The company Becker accuses of unfairly locking her out of her home and taking her belongings stands accused of doing the same thing to other consumers across illinois. Safeguard, an Ohio company, is a property preservation company, the kind hired by banks to oversee properties headed in to foreclosure. The problem with Safeguard, according to a lawsuit filed this month by the Illinois Attorney General's office, is a pattern of behavior that includes breaking into occupied houses, locking occupants out, and removing personal property. The lawsuit also accuses Safeguard of ignoring what should be obvious clues, like a barking dog inside the home, a car in the driveway, garbage cans, and even an occupant inside.

"When we left , it was locked tighter than a drum. When we got back , the locks were jammed. The only people inside were Safeguard," Becker claims.

Illinois law is clear when it comes to foreclosure: a homeowner cannot be removed from the home until the process is complete.

"It's egregious, egregious behavior," according to real estate attorney George Lattas. "The bank wasn't the property owner. The borrower was. Until the borrower defaulted on the mortgage in a sufficient amount of time, and a mortgage foreclosure can actually be brought. Up until that point, the bank had no right -- either themselves or a third party -- go onto that property."

Becker acknowledges she was going to lose her home. After several applications to modify her mortgage were denied by Bank of America, she says she realized she would not get out from under the debt, and made plans to move on.

But she did not abandon the property. On the contrary, Becker says. To this day, she is paying the utilities and planned to move her belongings from the home after rehabbing her new home in Poplar Grove. Now she wonders if she will ever see those important possessions again.

"This is the stuff that matters. This is my family heritage.
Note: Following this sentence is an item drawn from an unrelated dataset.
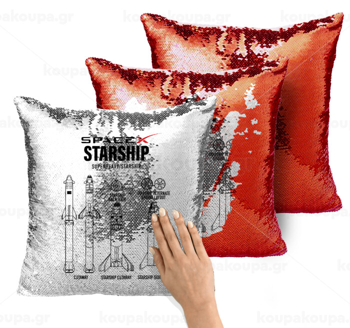Space X, Μαξιλάρι καναπέ Μαγικό Κόκκινο με πούλιες 40x40cm περιέχεται το γέμισμα

This is stuff that goes to my nieces and my son," Becker said.

Safeguard won't comment on the pending litigation, but says it will vigorously defend against the state's charge. The company says it takes reports of damage or error seriously and works to fully investigate the matter and identify and address the root cause.

Bank of America wouldn't say whether it will continue to hire Safeguard, but does say it monitors the company's performance.

As for Annie and Fred Becker, they continue to fight in court to get back their missing items.

"I want them held accountable. I don't just mean Safeguard. I mean Bank of America. I mean every one of these banks that kicks a person when they're down."